1. State the hypothesis
This is the so-called hypothesis of interest and is a statement about what we believe is actually true for the population we are studying. For example:
‘Second Grade children with dyspraxia and Second Grade children without any speech-language impairments differ in their average oral reading comprehension scores on the Gray Oral Reading Tests (GORT-4)’
2. State the null hypothesis
This describes what is true in the population if the hypothesis of interest is incorrect, i.e. when it is null. It is used as a frame of reference to evaluate the hypothesis of interest. For example:
‘Second Grade children with dyspraxia and Second Grade children without any speech-language impairments do not differ in their average oral reading comprehension scores on the Gray Oral Reading Tests (GORT-4)’
3. Perform a statistical test
In our example hypothesis we recognize two groups:
- the group of children with dyspraxia
- the group of children with no speech-language impairments
If there is a difference in the scores (for oral reading comprehension) for each of group then an appropriate statistical test is used.
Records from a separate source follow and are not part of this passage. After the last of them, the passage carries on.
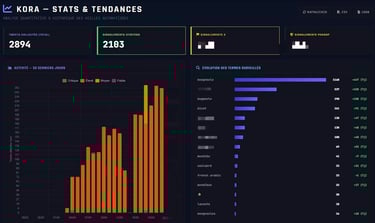 À titre d'exemple, nous ne demanderons pas de comparaison sur des affaires à l'échelle locale, régionale, et encore moins nationale, nous savons d'avance que le résultat serait sans appel. Nous n'évoquerons pas non plus l'ensemble de nos services, car le niveau d'exigence serait trop élevé pour eux pour servir de référence utile. Voici donc simplement un aperçu partiel de KORA, uniquement la composante dédiée à X, les autres réseaux sociaux étant volontairement omis afin de simplifier la comparaison. KORA est encore en phase de test. Elle n'est pas pleinement opérationnelle, ce le sera fin 2026. Malgré ces limitations, en seulement trois semaines d'activité partielle, KORA a recensé près de 3 000 actes sur cette seule plateforme.
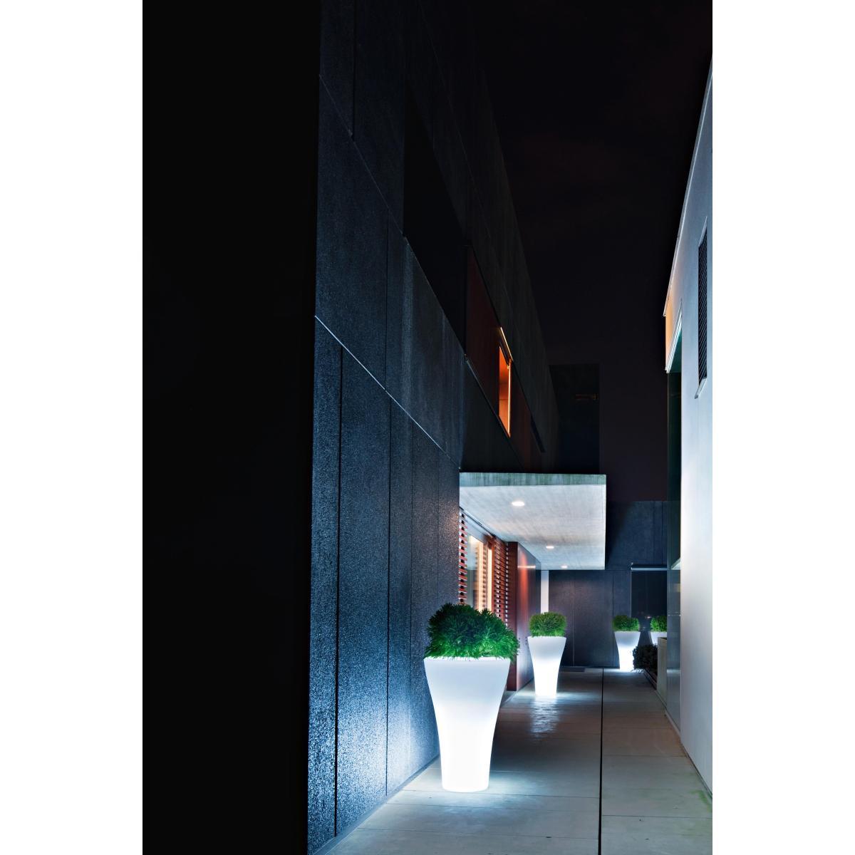 This jar Ming Extra High has generous dimensions (H 140 x Ø 93 cm). It is equipped of a lighting special exterior system IP 67. One loves its volumes and his modern design to the wide edge and to the very soft line. Rodolfo Dordoni thought this vase to the harmonious forms in contrast with the possible contained cactus plant, agaves, succulent and thorny cactus. The contemporaneity and the research of unusual definite solutions, make this very high jar, a true furniture element that decorates your exterior or interiors.
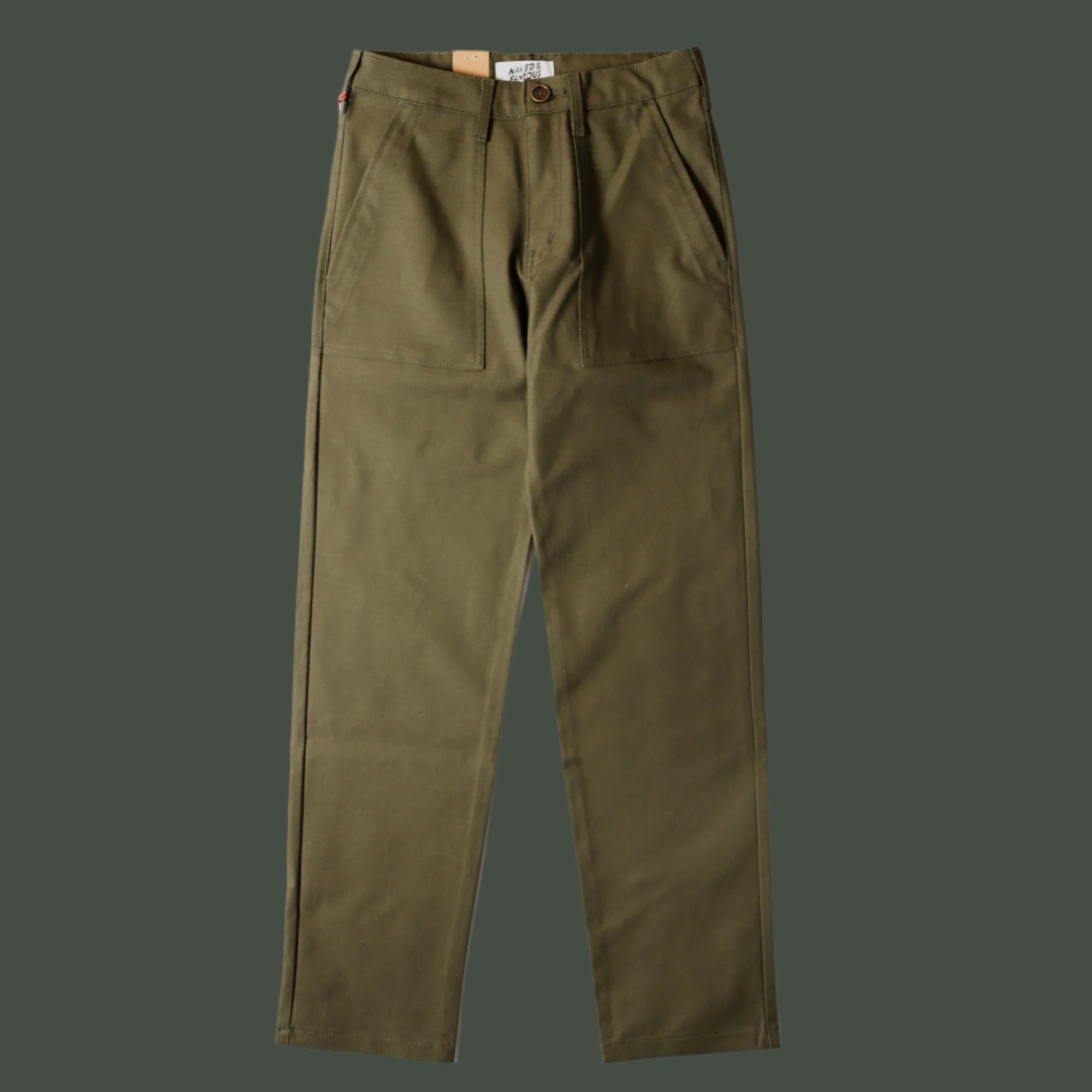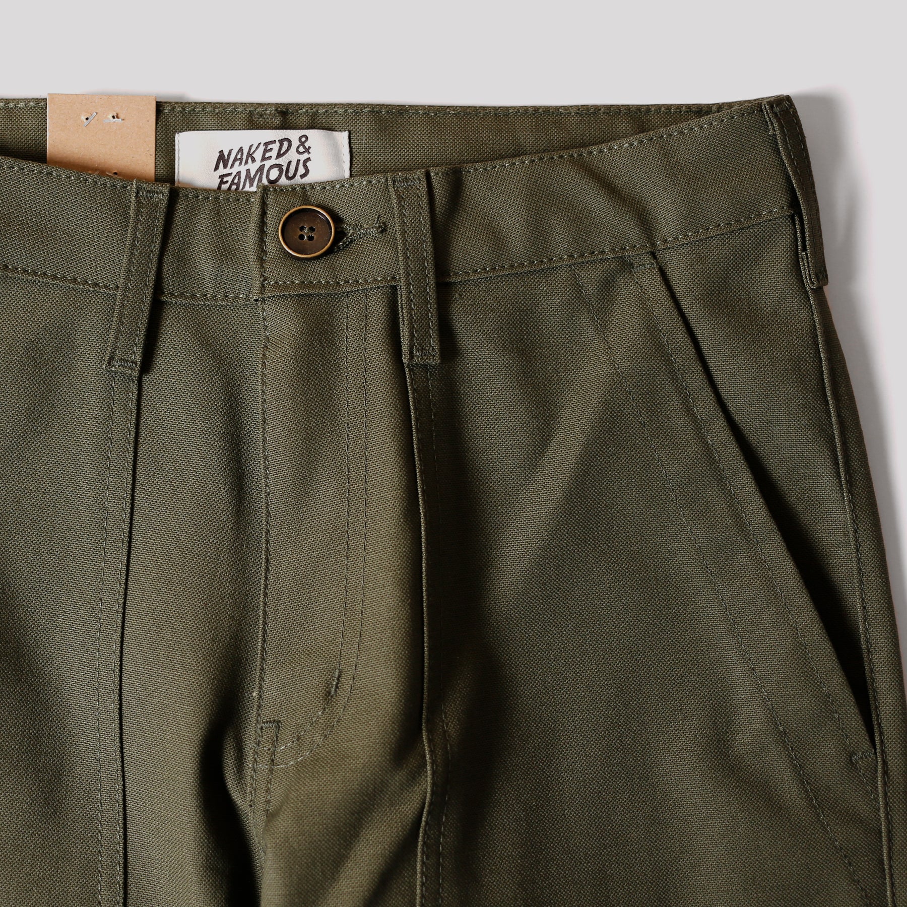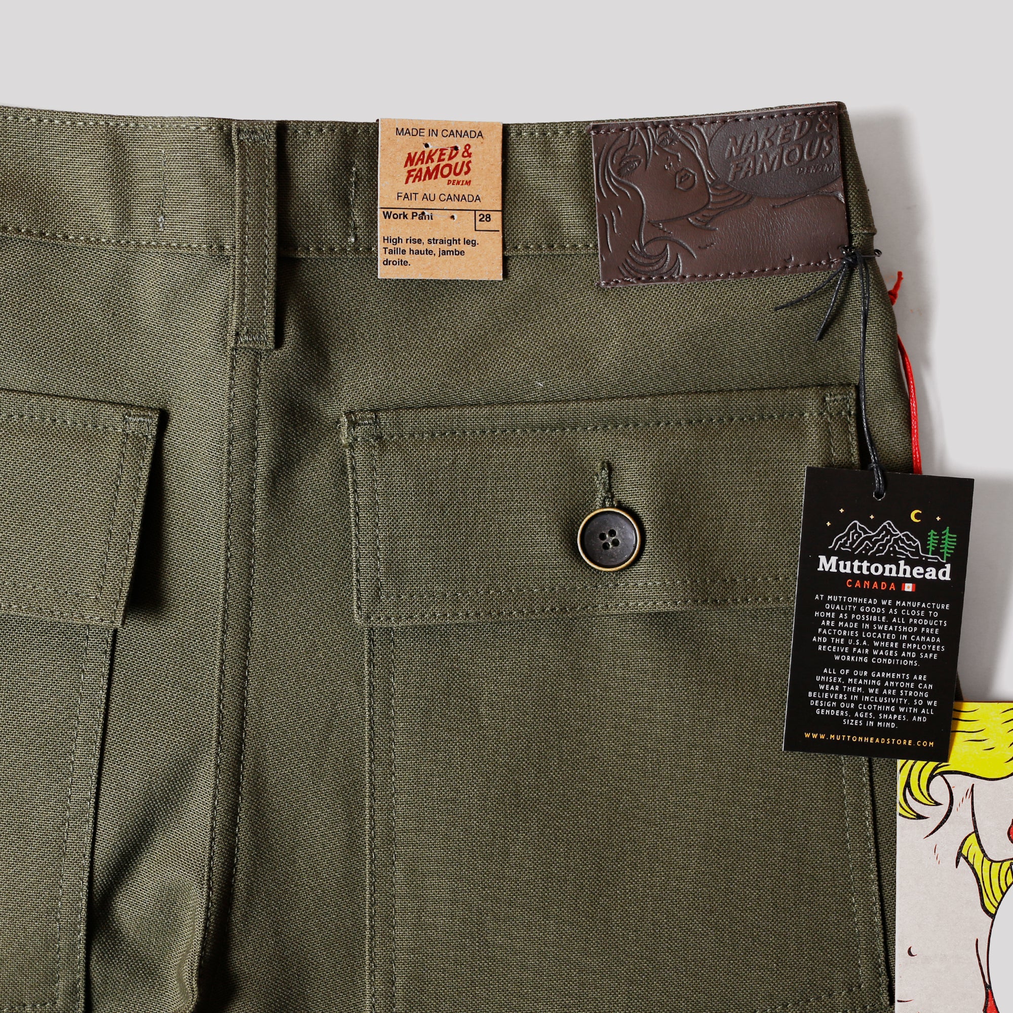 The Green Canvas is a Japanese plainweave fabric with 1% stretch for comfort. A classic utilitarian cloth, the smooth-faced canvas resists snags and tears. The Work Pant is a classic-fit trouser with a high rise, flat front pockets, large rear flap pockets, and a straight leg. Cut and sewn in Canada.
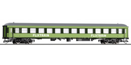 | rychlíkový vůz v barevném schematu „Flixtrain“ |
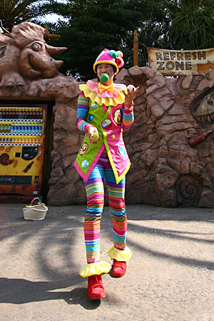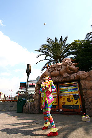 ハッピーステーション USJ アトモス 2009.03.162023.02.09 ドンキーコングカントリー入場確約券付ツアーはJTBだけ 今年からはじまった新アトモスの【ハッピーステーション】 ワタシはまだほとんど見ていないんです(汗) 何やらたくさんの出演者がいるようで、すべてを見るにはしばらくかかりそうな気配。 この【ハッピーステーション】にジャグリングをする人がいます。見た場所はジュラシックパーク。 ジュラシックパークの入り口の前に、自動販売機がありまして、そこに彼がいました。 このアトモスは、ワタシにとってヒジョーにありがたい存在になりそうです。
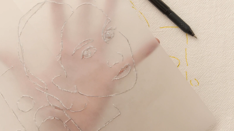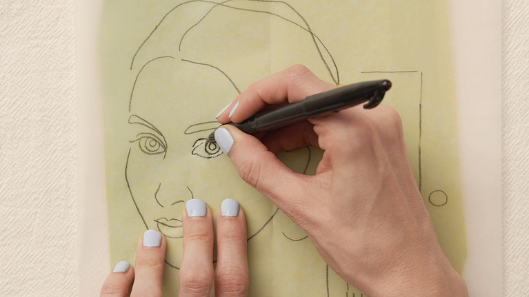 When working on portraits, our expert recommends starting with the subject’s eyes, since they will be the most challenging part of the face. Use a hard pencil, a burin, a fabric pen or a normal pen without ink to trace your design. Then, if we accidentally puncture through both sheets of paper, going through to the fabric, we can easily erase any marks and the fabric won’t get damaged.
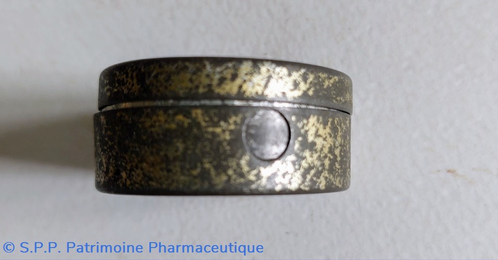 Petite boîte métallique ( de poche) Diamètre 4cm hauteur 2 cm ayant contenu des grains ou pastilles de CACHOU
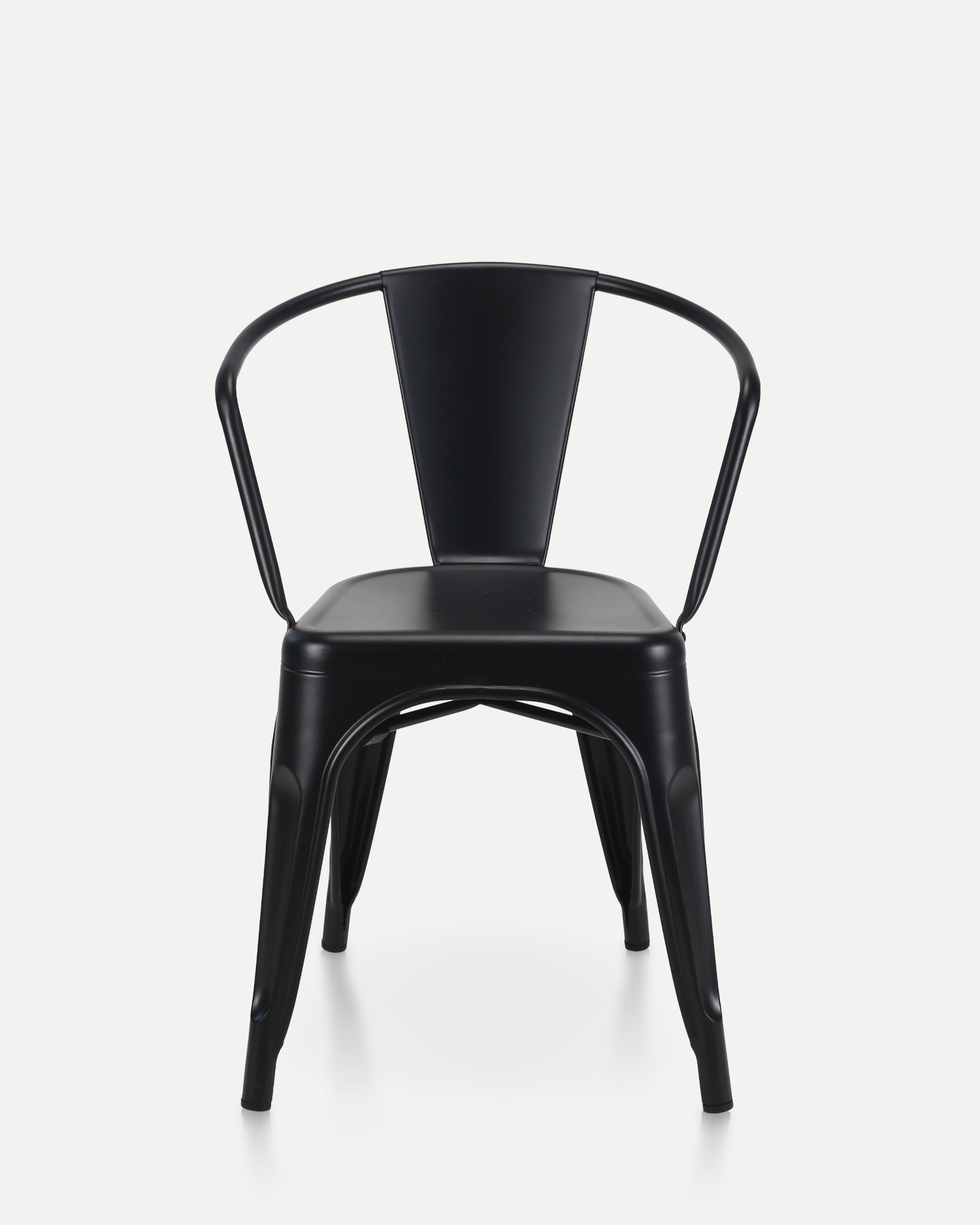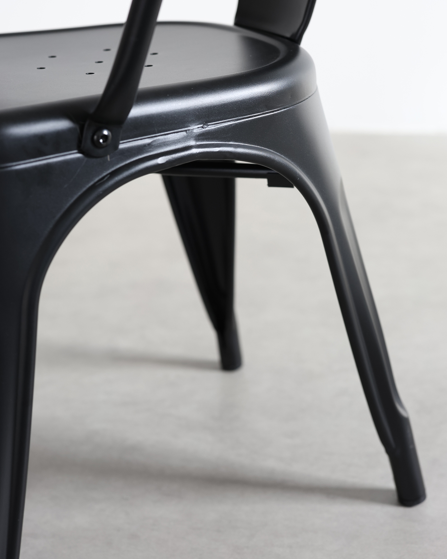 • Denne stolen er et mesterverk av industriell design, laget av jern av høy kvalitet og ferdig i en elegant svart farge som utstråler eleganse. Oppmerksomheten på detaljer i konstruksjonen er tydelig i alle aspekter, fra den nøyaktige sveisingen til de glatte konturene av rammen.
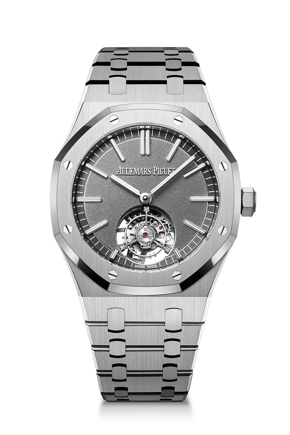 愛彼對(duì)不起眼的陀飛輪并不陌生。他們的皇家橡樹 (Royal Oak) 承載了許多旋轉(zhuǎn)并發(fā)癥,包括籠子,第一次出現(xiàn)在 90 年代后期。然而,這是第一次——至少在他們的概念作品和 Code 11.59 之外——70 年代的圖標(biāo)比以往任何時(shí)候都飛得更高,至少在陀飛輪意義上。這就是愛彼皇家橡樹自動(dòng)上鏈飛行陀飛輪。
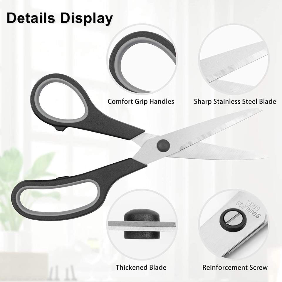 Venta directa del fabricante: tijeras de papel de plástico de acero inoxidable multifuncionales personalizadas con mango de agarre para uso doméstico y de oficina
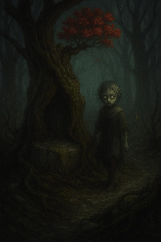 Illustrate a childlike ghost peeking from behind the Juniper Tree, its eyes hollow, its form part smoke, part bone, with petals or feathers drifting around it. - Broken Home:
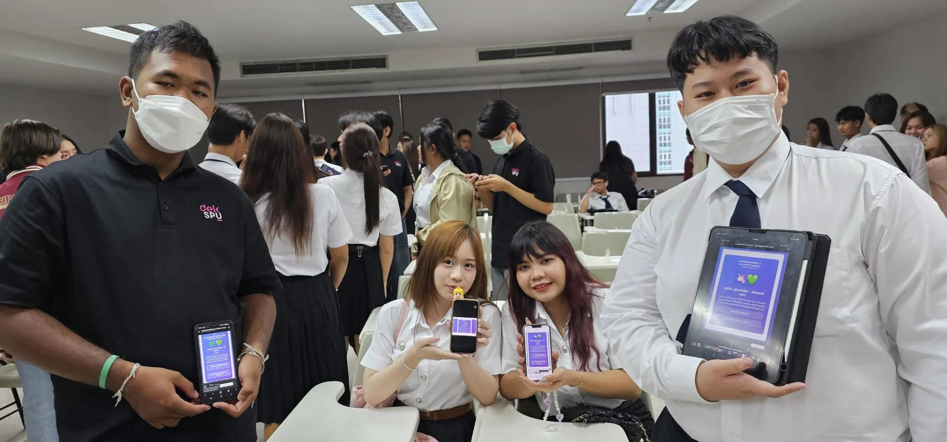 ภายในกิจกรรม น้อง ๆ ได้ทำความรู้จักกับ ระบบการเรียนและแพลตฟอร์มออนไลน์ ที่จะใช้ในการเรียนรู้ตลอดหลักสูตร รวมถึงการแนะนำ “ผู้ช่วยคนสำคัญ” ในโลกดิจิทัลอย่าง AI เพื่อนซี้ 24 ชั่วโมง ได้แก่ พี่เปอร์ พี่ฟิว
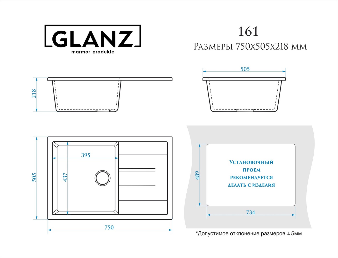 Кухонная мойка GLANZ врезная J-161-32 цвет: антрацит
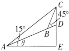 3. 如图所示,在坡度一定的山坡A处测得山顶上一建筑物CD的顶端C对于山坡的斜度为15°,向山顶前进100 m到达B处,又测得C对于山坡的斜度为45°,若CD = 50 m,山坡对于地平面的坡角为θ,则cosθ = ( )

This calculates the probability that we would observe a difference at least as large as the one we have observed in our sample if the null hypothesis is true, i.e. if there is no difference between the groups.
In our example we might use a test such as the Student’s t-test. This is a robust test used to determine whether the means of two samples (children with dyspraxia; children with no speech-language impairments) are significantly different.
Reject the null hypothesis
Only reject the null hypothesis if the probability is small – usually only if the odds against the result being obtained by chance are more than 20:1, i.e. a probability of less than 0.05. If the probability is indeed less than 0.05 then the result is said to be statistically significant and we can, therefore, reject the null hypothesis.
We are, therefore, claiming that the assertion that there is no difference between the groups is incorrect – we are rejecting the assertion. Consequently, we are claiming that we have evidence of an alternative hypothesis that there is indeed a difference between the groups. Of course, this alternative hypothesis is the hypothesis of interest that we stated at the outset, i.e. that there is a difference between the groups.
do not reject the null hypothesis
Do not reject the null hypothesis if the probability is large, i.e. if the odds against the result being obtained by chance are less than 20:1, i.e. a probability of more than 0.05.
Now, just because we do not reject the null hypothesis this does not mean that, by default, we accept it. We simply do not reject the null hypothesis. We remain uncertain as to whether or not the groups differ. This is for two reasons:
- it may be that there is, in fact, no difference between the groups
- there may indeed be an essential difference between the groups but we have been unable to detect it – this can often occur if the sample sizes are too small
Just because we are able to detect a statistically significant difference between groups with respect to some characteristic, this does not necessarily mean that the result is important. It may have little or no practical value whatsoever. Some differences are so small that they are only detectable through statistical testing but, to all intents and purposes, they would go unnoticed in everyday situations.
Wiederholt, J.L and Bryant, B.R. (2001) Gray Oral Reading Test-Fourth Edition (GORT-4) San Antonio, TX: Pearson.